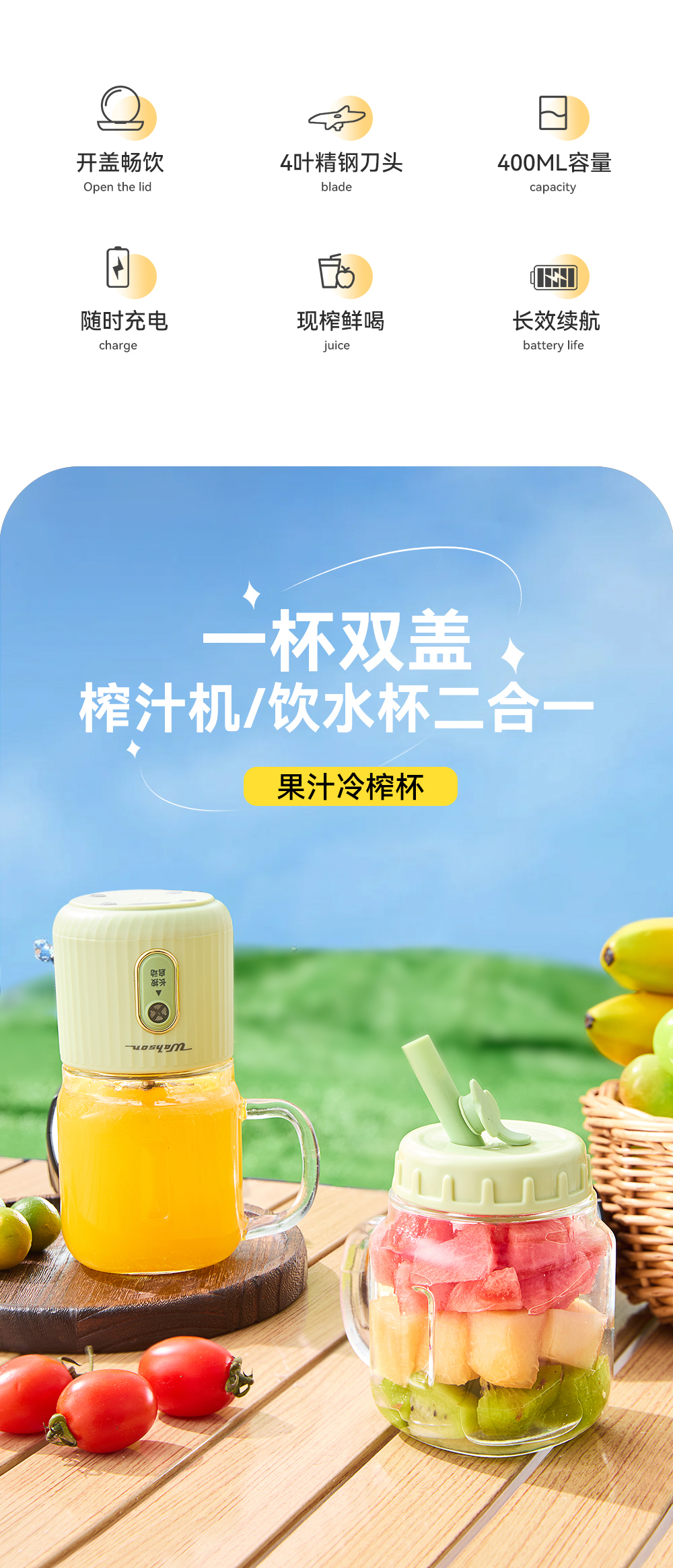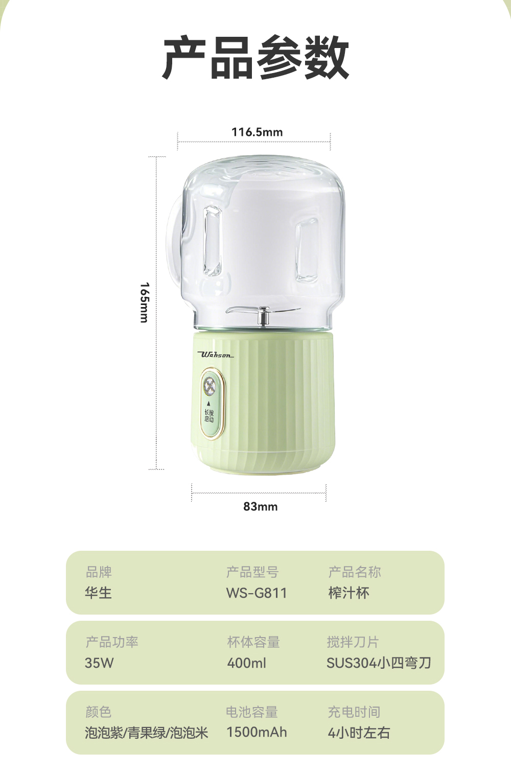 wahson/华生水果榨汁机可碎冰便携多功能电动双盖榨汁杯G811
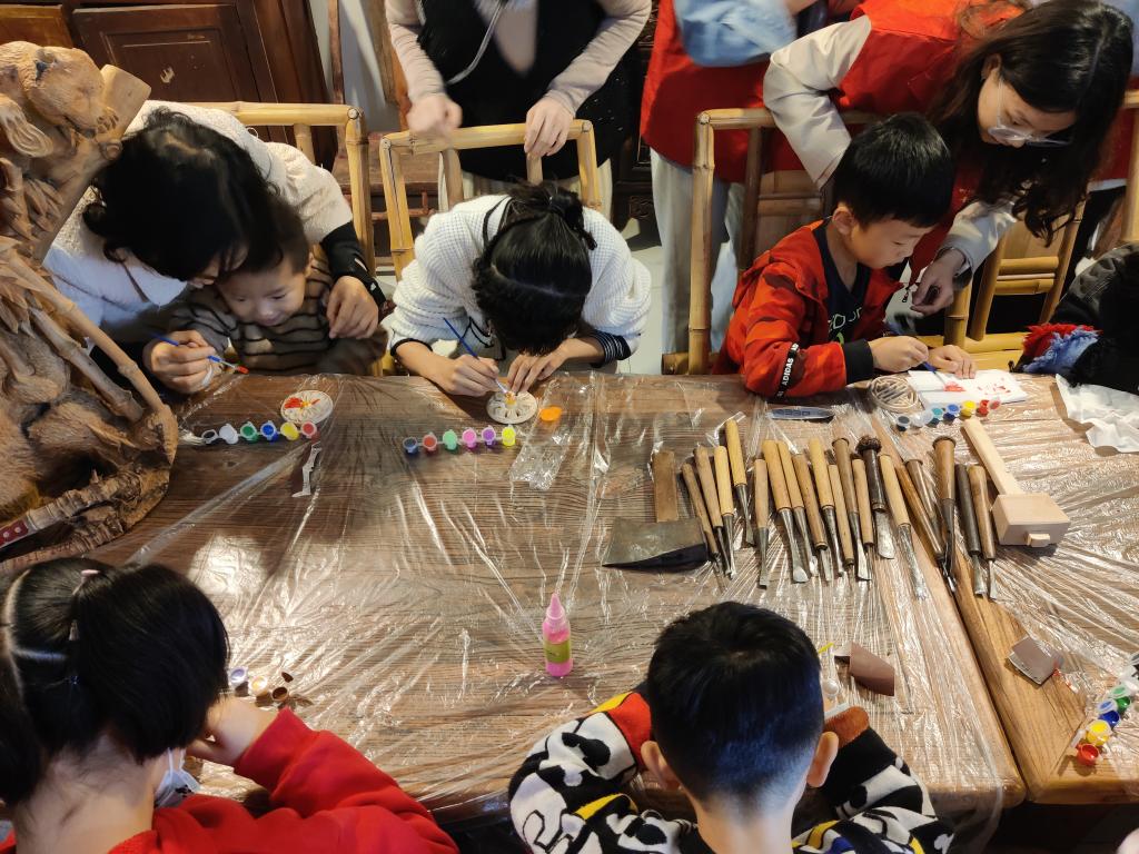 5月14日上午,我院青年志愿者来到成都市都江堰市民俗陈列馆协助社区开展木雕公益课堂,灌县木雕传承人何飞担任本次课堂的主讲人,十余名小朋友参与其中。
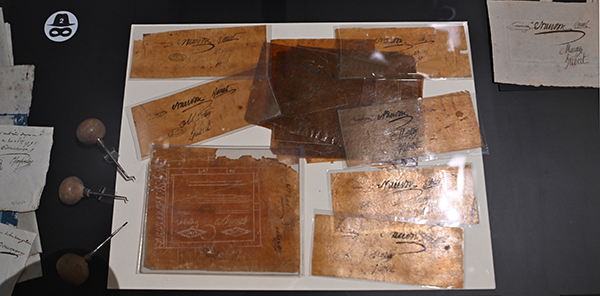 Pendant la Révolution, panoplie de faussaire pour la réalisation de faux bons de caisse patriotique, faux billets, assignats vers 1790-1792
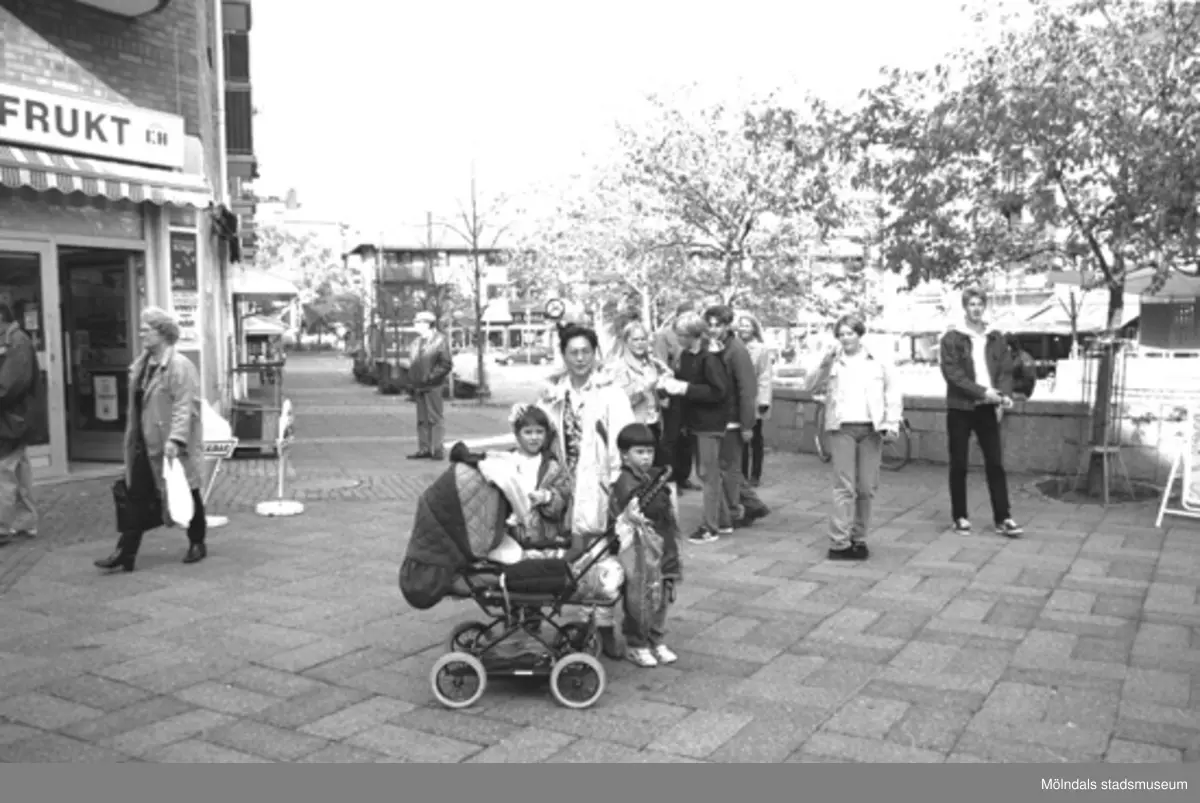 Familj som står framför Alberts torg. Till vänster skymtar Konfekthuset. Mölndalsbro i dag - ett skolpedagogiskt dokumentationsprojekt på Mölndals museum under oktober 1996. 1996_0991-1004 är gjorda av högstadieelever från Kvarnbyskolan 9A, grupp 5. Se även 1996_0913-0940, gruppbilder på klasserna 1996_1382-1405 samt bilder från den färdiga utställningen 1996_1358-1381.
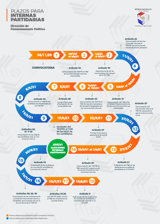 FECHAS IMPORTANTES DE RENDICIÓN DE CUENTAS SEGÚN LO DISPUESTO EN LA LEY N° 6501/2020 QUE MODIFICA VARIOS ARTÍCULOS DE LA LEY N° 834/1996 "QUE ESTABLECE EL CÓDIGO ELECTORAL PARAGUAYO" MODIFICADO POR LA LEY N° 4743/2012 Y LA 6167/2018 "QUE REGULA EL FINANCIAMIENTO POLÍTICO".
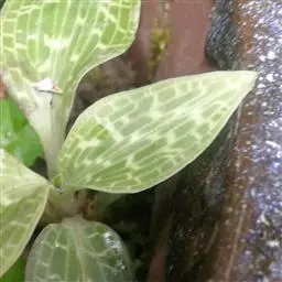 大花斑叶兰植株高5-15厘米。根状茎伸长,茎状,匍匐,具节。茎直立,绿色,具4-5枚叶。叶片卵形或椭圆形,长2-4厘米,宽1-2.5厘米,上面绿色,具白色均匀细脉连接成的网状脉纹,背面淡绿色,有时带紫红色,具柄;叶柄长1-2.5厘米,基部扩大成抱茎的鞘。
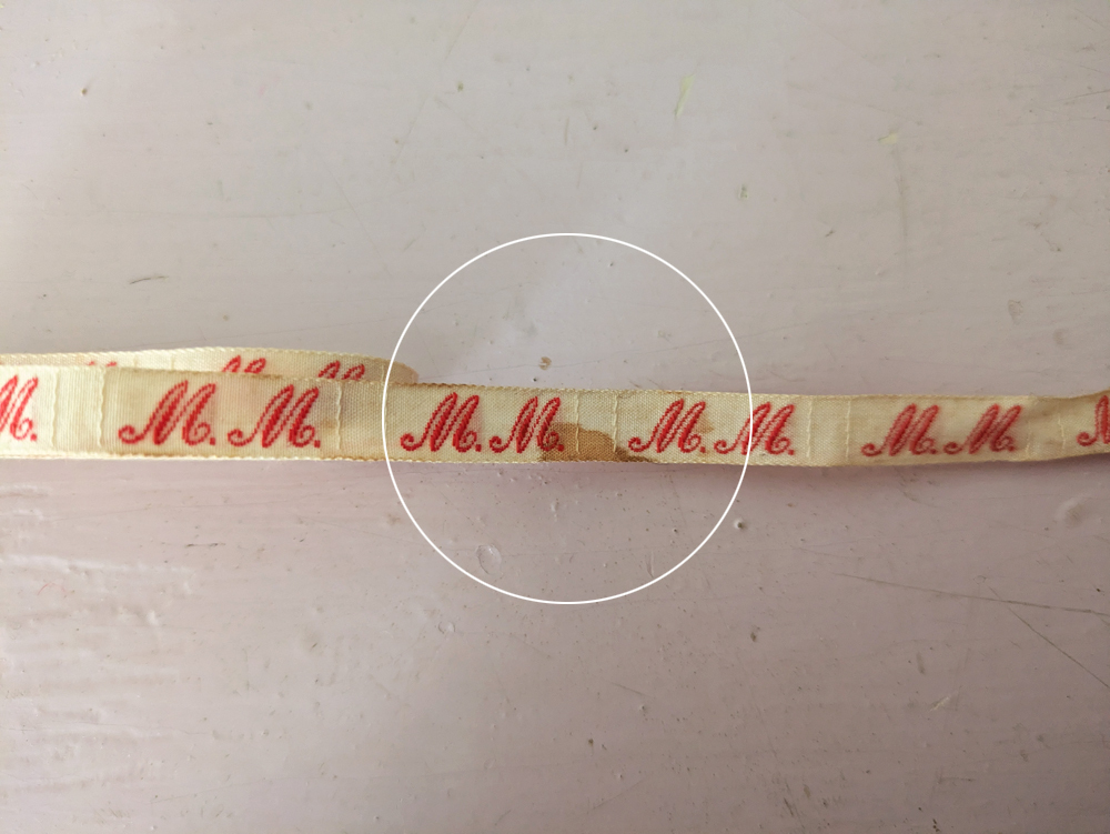 イニシャルテープは衣服や寝間着の裾などに縫いつけ使用されていました。
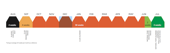 3. National Team calendar should occupy four weeks per season, in addition to a two week preparation period
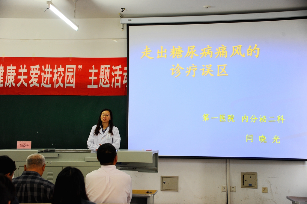 活動(dòng)中,第一醫(yī)院會(huì)診中心主任張萍作了題為《營(yíng)養(yǎng)與健康》的講座,第一醫(yī)院內(nèi)分泌二科主任閆曉光作了題為《走出糖尿病痛風(fēng)的診療誤區(qū)》的講座。
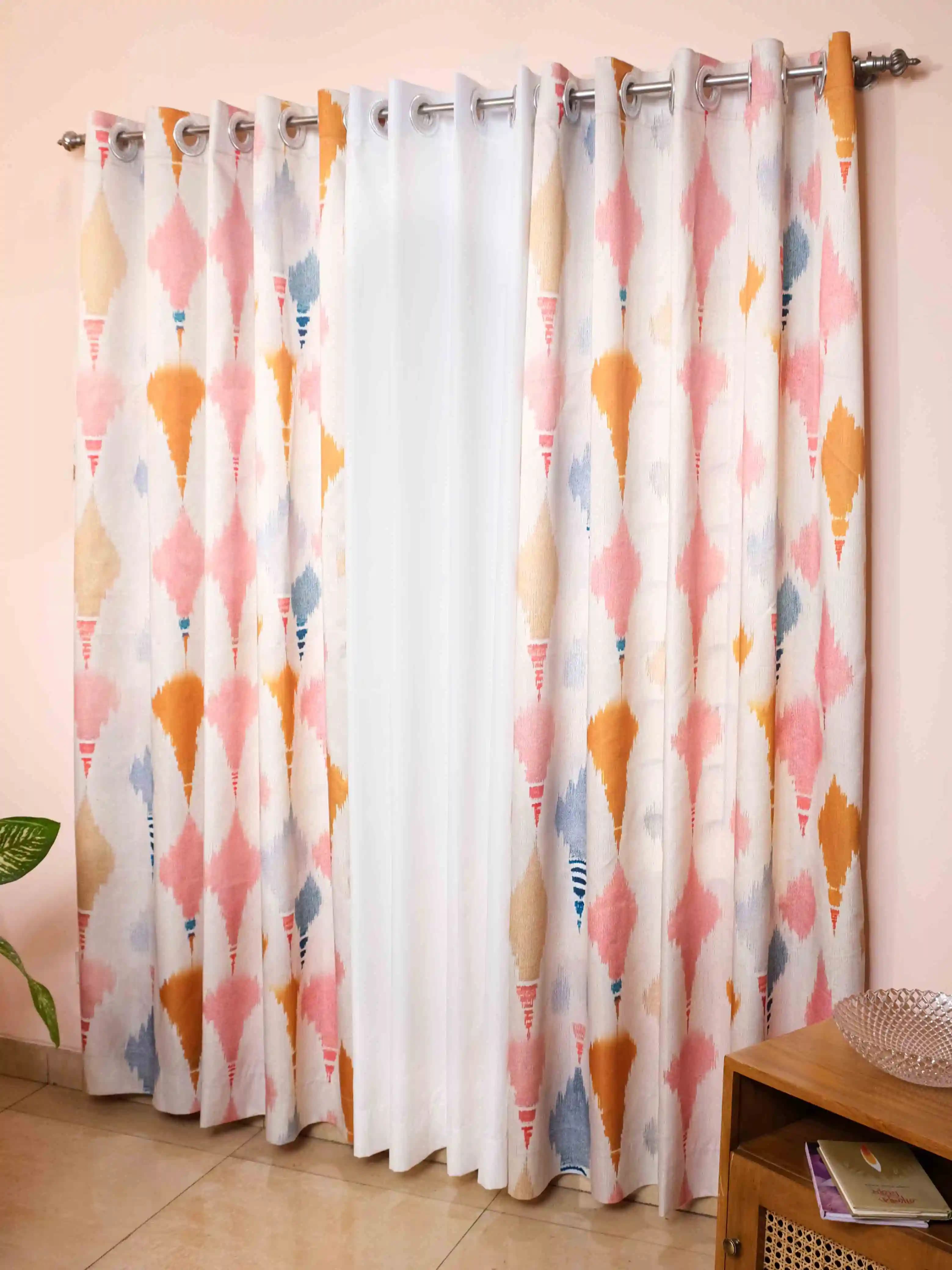 Add a vibrant, artistic touch to your windows with our Ikat print curtain. Crafted from smooth polyester fabric, this panel features a captivating, multi-colored sublimation print. It offers a beautiful balance of light filtration and privacy. The bold, traditional pattern brings a global-inspired warmth to any room.
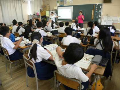 裁縫実習で手縫いの手順を学習しています。5年生では、ナップザックを手縫いとミシンを使って仕上げます。
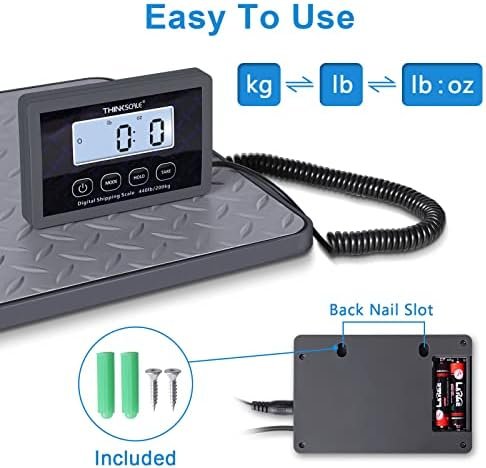 BRIGHT LCD DISPLAY & 2 POWER: THINKSCALE postage scale will not turn off automatically by default, Back-lit LCD display is easy to read and can be moved with the connected cable for clear visibility when weighing large items, and it has two rear pin slots for wall mounting or other heights. It support powered by batteries or USB DC adapter both included.

------------------------

**PROMPT:**
Take the lines above starting at the one containing "5月14日上午,我院青年志愿" and ending at the one containing "イニシャルテープは衣服や寝間着の裾などに縫いつけ使用されていました。", and print them again exactly, without pictures.

**FINISHED EXERCISE:**
 5月14日上午,我院青年志愿者来到成都市都江堰市民俗陈列馆协助社区开展木雕公益课堂,灌县木雕传承人何飞担任本次课堂的主讲人,十余名小朋友参与其中。
 Pendant la Révolution, panoplie de faussaire pour la réalisation de faux bons de caisse patriotique, faux billets, assignats vers 1790-1792
 Familj som står framför Alberts torg. Till vänster skymtar Konfekthuset. Mölndalsbro i dag - ett skolpedagogiskt dokumentationsprojekt på Mölndals museum under oktober 1996. 1996_0991-1004 är gjorda av högstadieelever från Kvarnbyskolan 9A, grupp 5. Se även 1996_0913-0940, gruppbilder på klasserna 1996_1382-1405 samt bilder från den färdiga utställningen 1996_1358-1381.
 FECHAS IMPORTANTES DE RENDICIÓN DE CUENTAS SEGÚN LO DISPUESTO EN LA LEY N° 6501/2020 QUE MODIFICA VARIOS ARTÍCULOS DE LA LEY N° 834/1996 "QUE ESTABLECE EL CÓDIGO ELECTORAL PARAGUAYO" MODIFICADO POR LA LEY N° 4743/2012 Y LA 6167/2018 "QUE REGULA EL FINANCIAMIENTO POLÍTICO".
 大花斑叶兰植株高5-15厘米。根状茎伸长,茎状,匍匐,具节。茎直立,绿色,具4-5枚叶。叶片卵形或椭圆形,长2-4厘米,宽1-2.5厘米,上面绿色,具白色均匀细脉连接成的网状脉纹,背面淡绿色,有时带紫红色,具柄;叶柄长1-2.5厘米,基部扩大成抱茎的鞘。
 イニシャルテープは衣服や寝間着の裾などに縫いつけ使用されていました。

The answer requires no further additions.